# Exercise
Your copy of the data should match it exactly, leaving out only the pictures.

START Supplied data

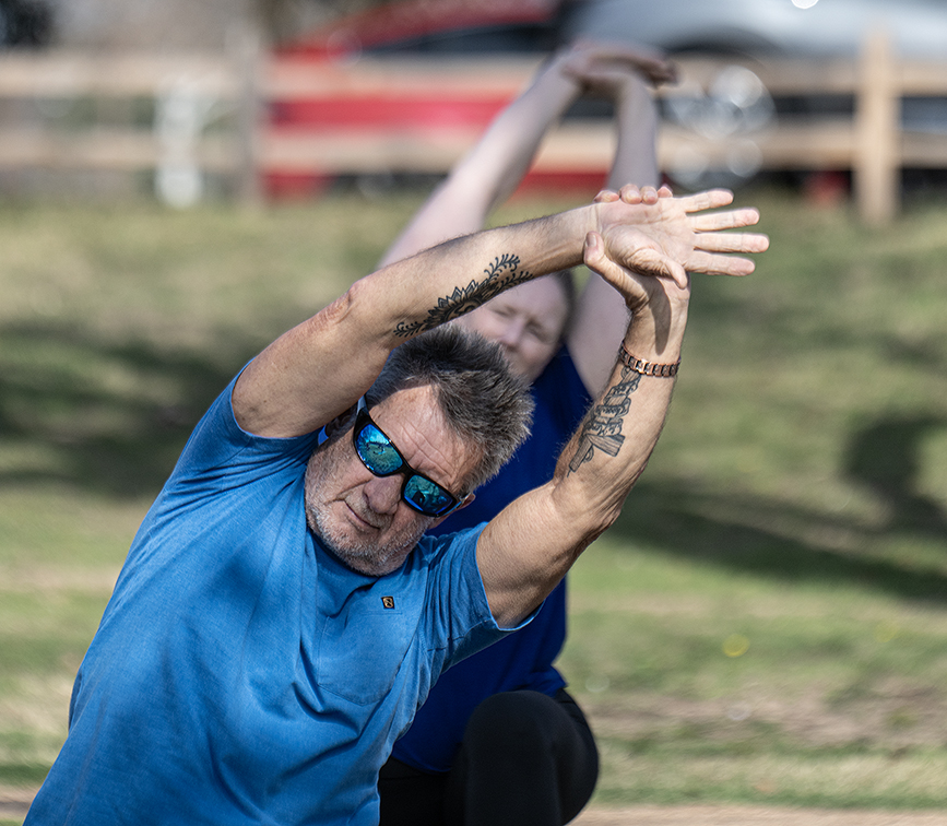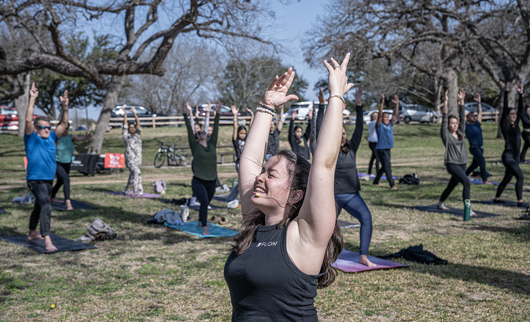 Some photographic subjects are calming. On this personal list are sunrises, sunsets, barns, windmills and fly fishermen. Add yoga to this list. Even if the photographs don’t say it, watching yoga participants is serene. This morning’s subject was Yoga in the Park, held almost every Saturday morning by river in Georgetown’s San Gabriel Park. This free event is held by members of Flow Yoga. Anyone and everyone are welcome to participate. 55 people came to this morning’s hour-long session. A mom brought her 4-year-old, who rested quietly for the entire time. These sessions are only cancelled because of weather. And perhaps the three-day music festival coming io the park in a few weeks. That is not quiet, but yoga is.
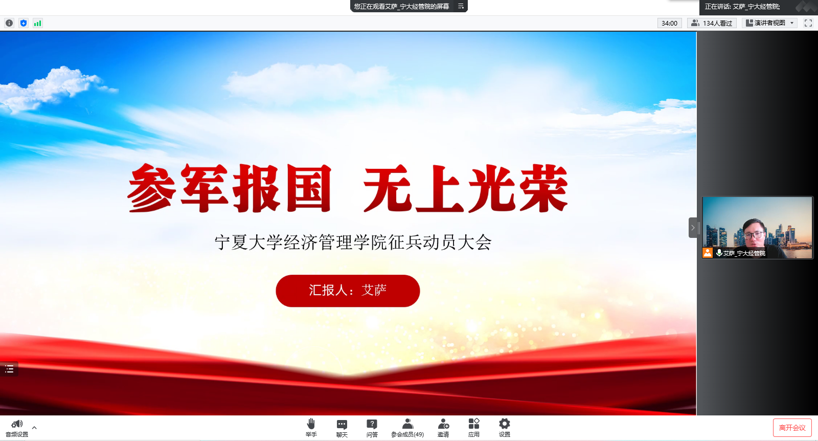 会议中,艾萨就征兵入伍的条件要求、参军入伍的意义以及具体的优惠政策三个方面帮助同学们深入了解相关政策并积极参军报国。首先,艾萨介绍了视力、体重、身高和年龄的具体标准;其次简洁明了地概括了应征入伍的优点;最后,提到优惠政策,他介绍到退役士兵不仅可以享受经济上的优惠,而且在考研升学、就业创业等方面都会得到很大的帮助。
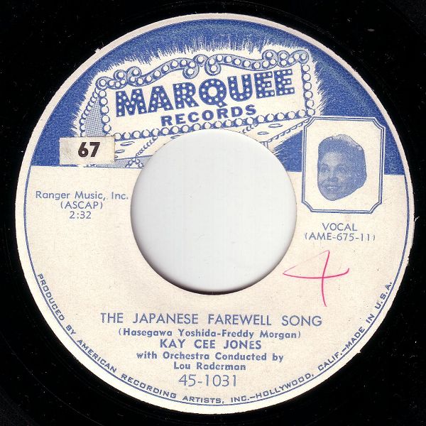 10 55....45-1031....KAY CEE JONES with Orchestra Conducted by Lou Raderman..The Japanese Farewell Song (AME 675 11)/I Wore Dark Glasses (At Your Wedding) (AME 676 4) (MARQUEE 1031)
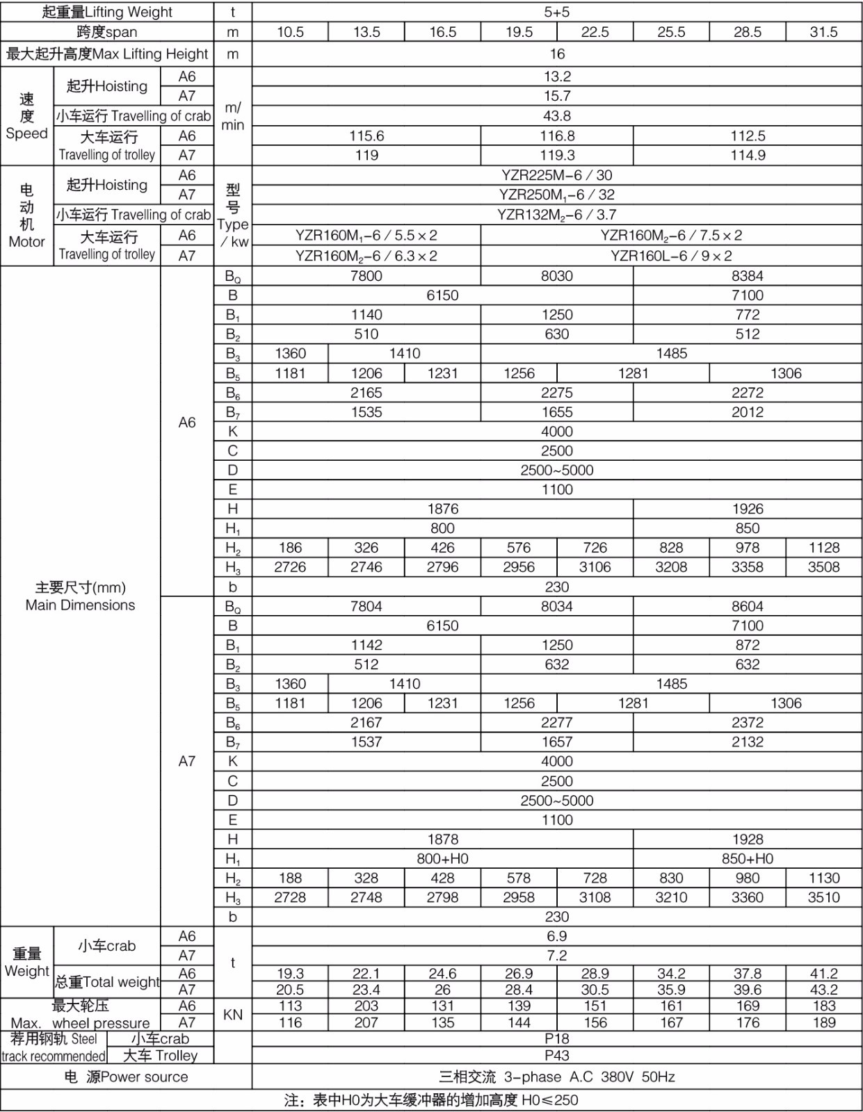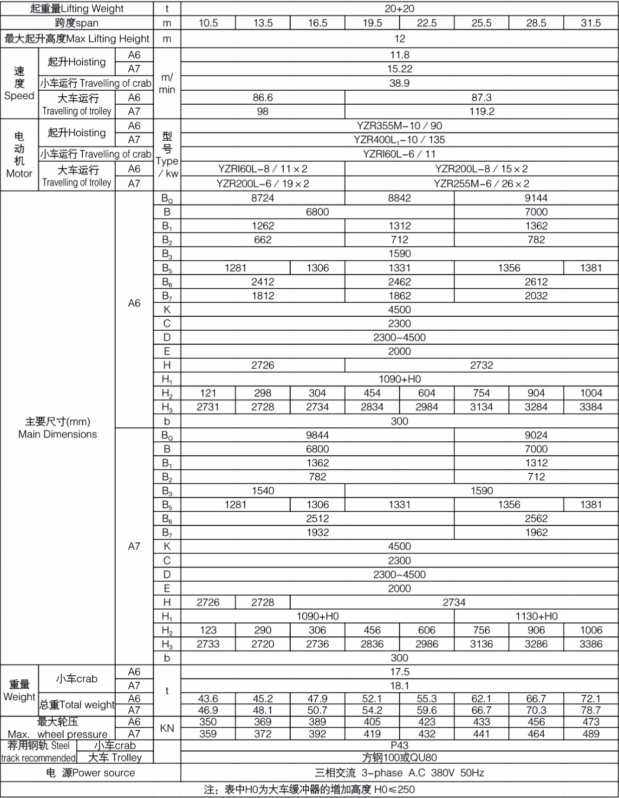 4、挂梁上下吊点距C、D可根据用户要求确定,表中尺寸仅供参考。

END Supplied data

# Answer box
 Some photographic subjects are calming. On this personal list are sunrises, sunsets, barns, windmills and fly fishermen. Add yoga to this list. Even if the photographs don’t say it, watching yoga participants is serene. This morning’s subject was Yoga in the Park, held almost every Saturday morning by river in Georgetown’s San Gabriel Park. This free event is held by members of Flow Yoga. Anyone and everyone are welcome to participate. 55 people came to this morning’s hour-long session. A mom brought her 4-year-old, who rested quietly for the entire time. These sessions are only cancelled because of weather. And perhaps the three-day music festival coming io the park in a few weeks. That is not quiet, but yoga is.
 会议中,艾萨就征兵入伍的条件要求、参军入伍的意义以及具体的优惠政策三个方面帮助同学们深入了解相关政策并积极参军报国。首先,艾萨介绍了视力、体重、身高和年龄的具体标准;其次简洁明了地概括了应征入伍的优点;最后,提到优惠政策,他介绍到退役士兵不仅可以享受经济上的优惠,而且在考研升学、就业创业等方面都会得到很大的帮助。
 10 55....45-1031....KAY CEE JONES with Orchestra Conducted by Lou Raderman..The Japanese Farewell Song (AME 675 11)/I Wore Dark Glasses (At Your Wedding) (AME 676 4) (MARQUEE 1031)
 4、挂梁上下吊点距C、D可根据用户要求确定,表中尺寸仅供参考。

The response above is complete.